Set up an Anaconda environment

conda env create -f env.yml

Code

All code is in the src directory. It contains:

IndividualCommonSense.ipynb
GroupCommonSense.ipynb
StatementFeatureAnalysis.ipynb: analysis of individual-level common sense with respect to subsets of statements.
SystemPromptAnalysis.ipynb: analysis of the effect of system prompts LLM outputs.
run_models: scripts to run inference on LLMs.

Data

All data is in the data directory. It contains:

results: statement ratings by all LLMs and humans. The human ratings are in individual_ratings.csv and group_ratings.csv.
demographics.csv: demographics of human raters.
raw_statement_corpus.csv
statements_and_prompts.csv: statements and prompts used to query LLMs.

Figures

All figures in the paper are in the figures directory.

Notes

Given a statement, we will ask LLMs questions via 3 independent prompts:

Consider the statement, "[STATEMENT]." Do you agree with this statement? You must start your answer with a "yes" or "no".
Consider the statement, "[STATEMENT]." Do you think other people would agree with this statement? You must start your answer with a "yes" or "no".
Consider the statement, "[STATEMENT]." Do you think this statement is common sense? You must start your answer with a "yes" or "no".

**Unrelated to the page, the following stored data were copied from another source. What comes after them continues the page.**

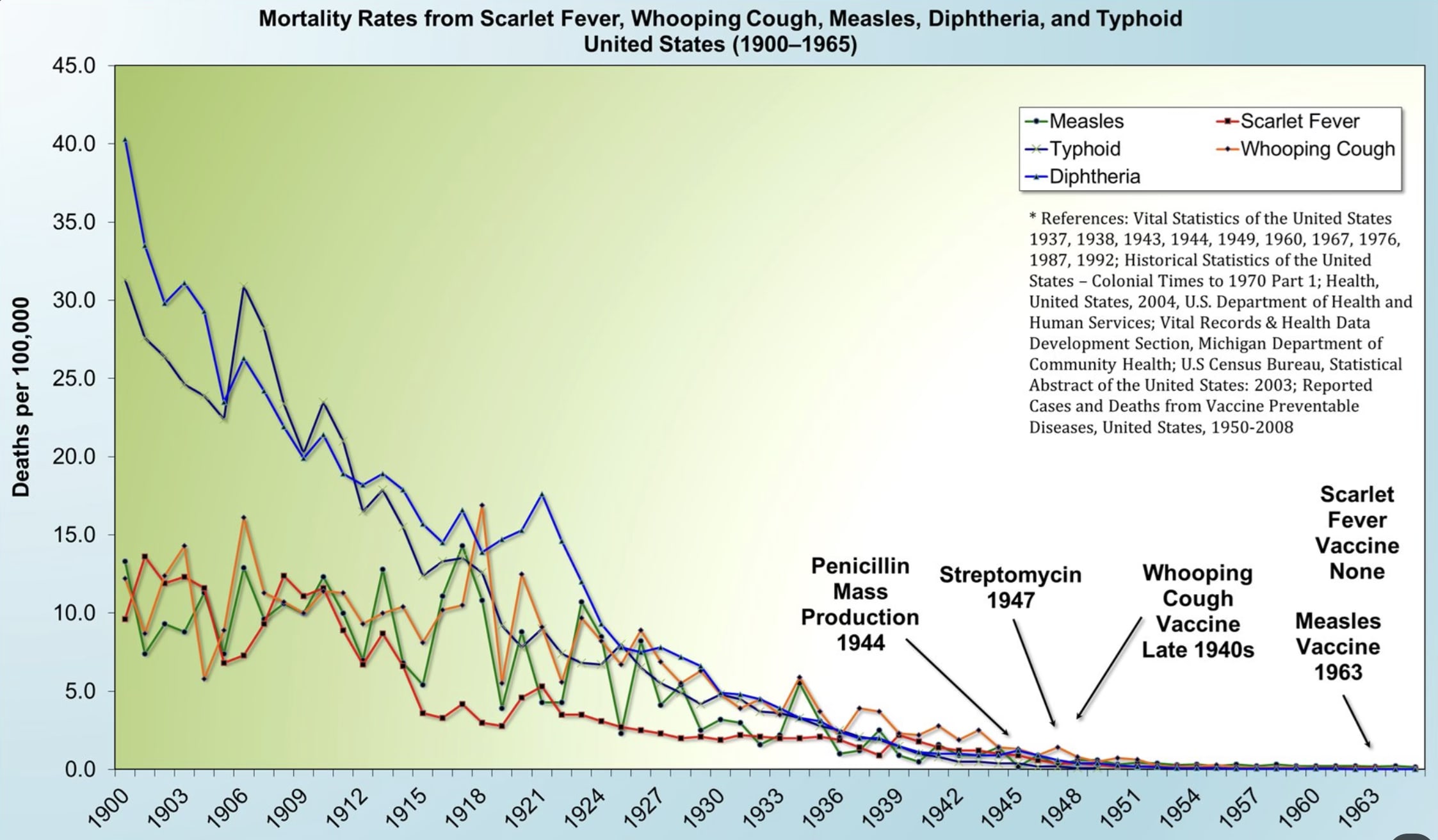 Improvements in hygiene, sanitary conditions, nutrition and environmental factors did more to eradicate these conditions than anything that ever came out of a vaccine needle.
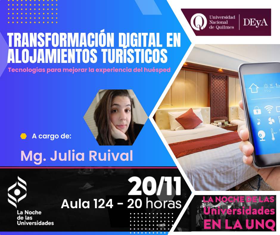 El jueves 20 de noviembre de 2025, en el marco de la Noche de las Universidades que organiza el Consejo Interuniversitario Nacional (CIN), la Mg. Julia Ruival estará dando una charla especial en la Universidad Nacional de Quilmes (UNQ).
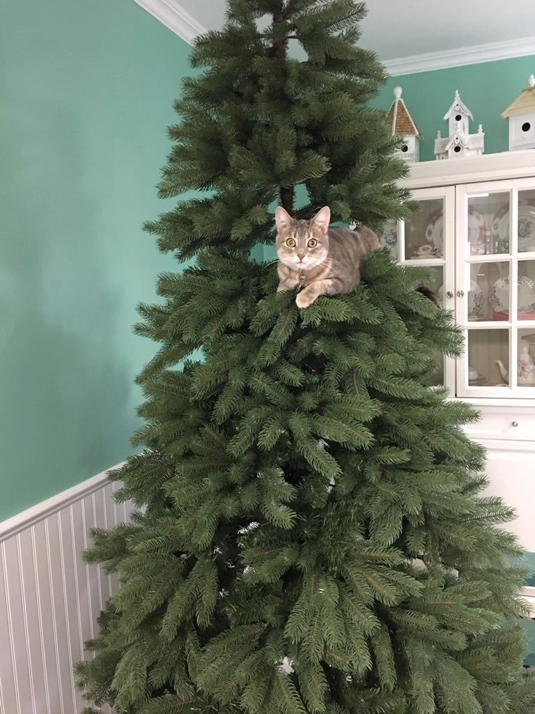 Пользователи не только охотно поучаствовали в игре, но и запустили стихийный флешмоб, прислав множество фотографий своих питомцев, нагло сидящих на новогодних ёлках. И если одних котов не так просто отыскать на деревьях, то, глядя на некоторых, остаётся только удивляться их кошачьей наглости и сноровке.

The prompt for each model will be in this format:

messages = [
    {"role": "user", "content": prompt}
]

Handling model uncertainty in responses

Source: Open LLM Leaderboard.

LLMs are autoregressive models, which means they "answer" these questions by sampling their vocabulary one token at a time.

Each time a token is sampled, we have a multinomial distribution over the vocabulary. In our case, the first token is sampled from something like {"a": 0.0001, ..., "No": 0.45, ..., "Yes": 0.5, ..., "zygote": 0.0002}. We can never be sure that a model will output a syntactically correct Yes or No, because the probability for all possible tokens is strictly positive.

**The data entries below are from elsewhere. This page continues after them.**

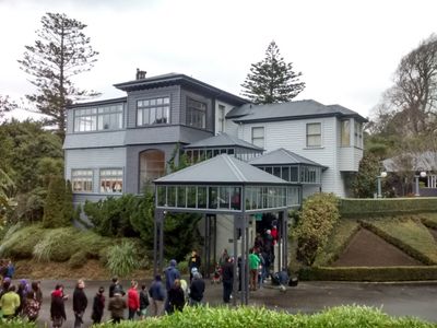 The official residence on Tinakori Road is a two-story timber house with bay windows and a conservatory at the rear. The white Italianate building contains eight bedrooms and sits on a property that extends up a gentle slope in Thorndon.
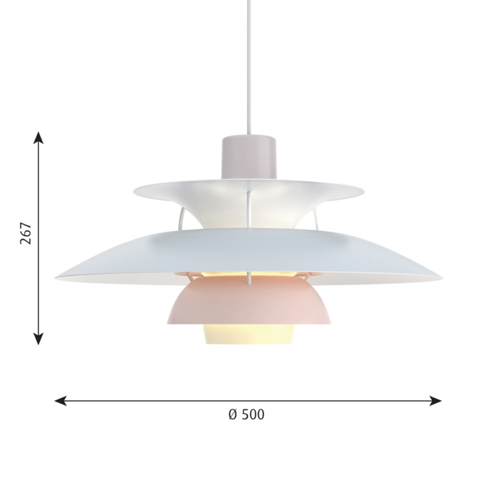 Het PH-lampnummer verwijst naar de grootte van de lampenkappen. Daarom bestaat de PH 5 hanglamp uit een bovenkap van ca. Ø50 cm.
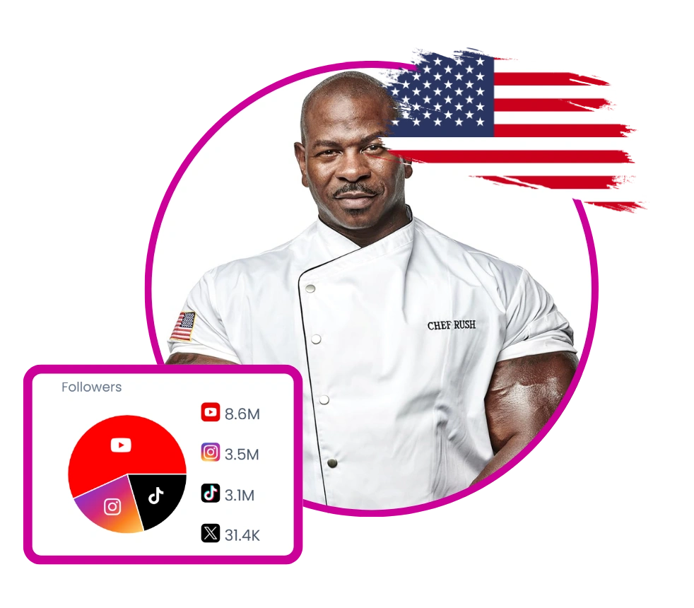 Chef Rush, known as the White House Chef, is a retired combat veteran and renowned chef. He uses his platform to advocate for mental wellness, military support, and suicide prevention, performing 2,222 push-ups daily to raise awareness. His content blends cooking, fitness, and motivational themes, often featuring challenges and collaborations. Chef Rush is also a master fitness trainer, emphasizing holistic health and mental stimulation through food and exercise.

So, how do we deal with this?

Solution: only consider "legal" tokens

If we expect the model to output Yes or No only, then we consider all other tokens to be other, representing inconsistencies.

For example, we have observed a model outputting As a AI language model I cannot answer... This is likely because human alignment incentivizes the model not to answer some (potentially problematic) questions. In this case, the first token As is considered to be the other token.

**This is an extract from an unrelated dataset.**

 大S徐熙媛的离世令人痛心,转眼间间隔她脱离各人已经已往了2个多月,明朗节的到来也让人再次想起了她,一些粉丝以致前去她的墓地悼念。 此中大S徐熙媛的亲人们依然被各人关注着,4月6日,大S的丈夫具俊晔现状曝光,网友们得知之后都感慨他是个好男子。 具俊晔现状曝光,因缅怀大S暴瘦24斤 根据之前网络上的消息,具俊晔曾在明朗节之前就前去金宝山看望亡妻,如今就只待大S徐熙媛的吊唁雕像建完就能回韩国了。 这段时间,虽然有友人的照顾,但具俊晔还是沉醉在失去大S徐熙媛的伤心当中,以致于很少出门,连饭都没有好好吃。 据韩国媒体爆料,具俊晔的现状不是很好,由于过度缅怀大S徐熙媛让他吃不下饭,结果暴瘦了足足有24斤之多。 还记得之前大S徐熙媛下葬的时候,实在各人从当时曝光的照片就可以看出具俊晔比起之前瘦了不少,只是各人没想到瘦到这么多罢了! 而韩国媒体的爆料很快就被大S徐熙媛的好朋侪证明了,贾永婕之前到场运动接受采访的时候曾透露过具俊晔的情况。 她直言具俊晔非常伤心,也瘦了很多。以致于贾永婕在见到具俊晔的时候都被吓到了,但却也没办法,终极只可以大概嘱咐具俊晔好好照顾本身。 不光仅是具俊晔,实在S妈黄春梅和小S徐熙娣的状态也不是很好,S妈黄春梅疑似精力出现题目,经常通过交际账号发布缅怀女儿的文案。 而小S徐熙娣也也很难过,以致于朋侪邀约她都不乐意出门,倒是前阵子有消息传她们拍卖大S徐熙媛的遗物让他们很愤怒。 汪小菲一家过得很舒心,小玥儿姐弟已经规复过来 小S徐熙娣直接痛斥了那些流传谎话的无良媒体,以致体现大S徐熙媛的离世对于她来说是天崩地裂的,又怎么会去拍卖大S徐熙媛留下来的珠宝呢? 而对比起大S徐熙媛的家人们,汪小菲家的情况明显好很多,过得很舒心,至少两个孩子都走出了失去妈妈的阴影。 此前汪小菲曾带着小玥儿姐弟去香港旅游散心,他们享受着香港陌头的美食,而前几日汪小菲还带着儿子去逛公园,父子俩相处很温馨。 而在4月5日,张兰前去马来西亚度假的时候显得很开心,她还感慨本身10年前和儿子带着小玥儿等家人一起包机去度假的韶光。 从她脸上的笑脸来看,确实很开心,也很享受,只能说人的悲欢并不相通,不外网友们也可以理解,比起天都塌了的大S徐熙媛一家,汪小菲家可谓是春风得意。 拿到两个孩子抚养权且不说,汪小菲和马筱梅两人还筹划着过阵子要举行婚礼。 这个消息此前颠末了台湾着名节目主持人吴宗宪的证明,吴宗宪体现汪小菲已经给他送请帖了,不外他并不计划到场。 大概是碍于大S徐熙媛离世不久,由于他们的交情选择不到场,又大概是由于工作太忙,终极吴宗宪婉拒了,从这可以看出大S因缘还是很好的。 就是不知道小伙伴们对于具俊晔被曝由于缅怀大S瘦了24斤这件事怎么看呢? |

Then, we will sum the probabilities of all "illegal" tokens into the final probability of the other token. Back to the example above, if we have the following distribution over all tokens

{"a": 0.0001, ..., "No": 0.45, ..., "Yes": 0.5, ..., "zygote": 0.0002}

then the result will be

{"Yes": 0.5, "No": 0.45, "other": 0.05}

Nuance 1: Multiple tokens of type "Yes" or "No"

The strange thing about byte pair encoding is that tokens are not "words". As a result we would have tokens that are Yes, yes, "Yes, etc. which are all semantically the same.

Solution: lower-case the token. Then remove all non-alphabetic characters from it. If the result matches yes or no exactly, then the token qualifies.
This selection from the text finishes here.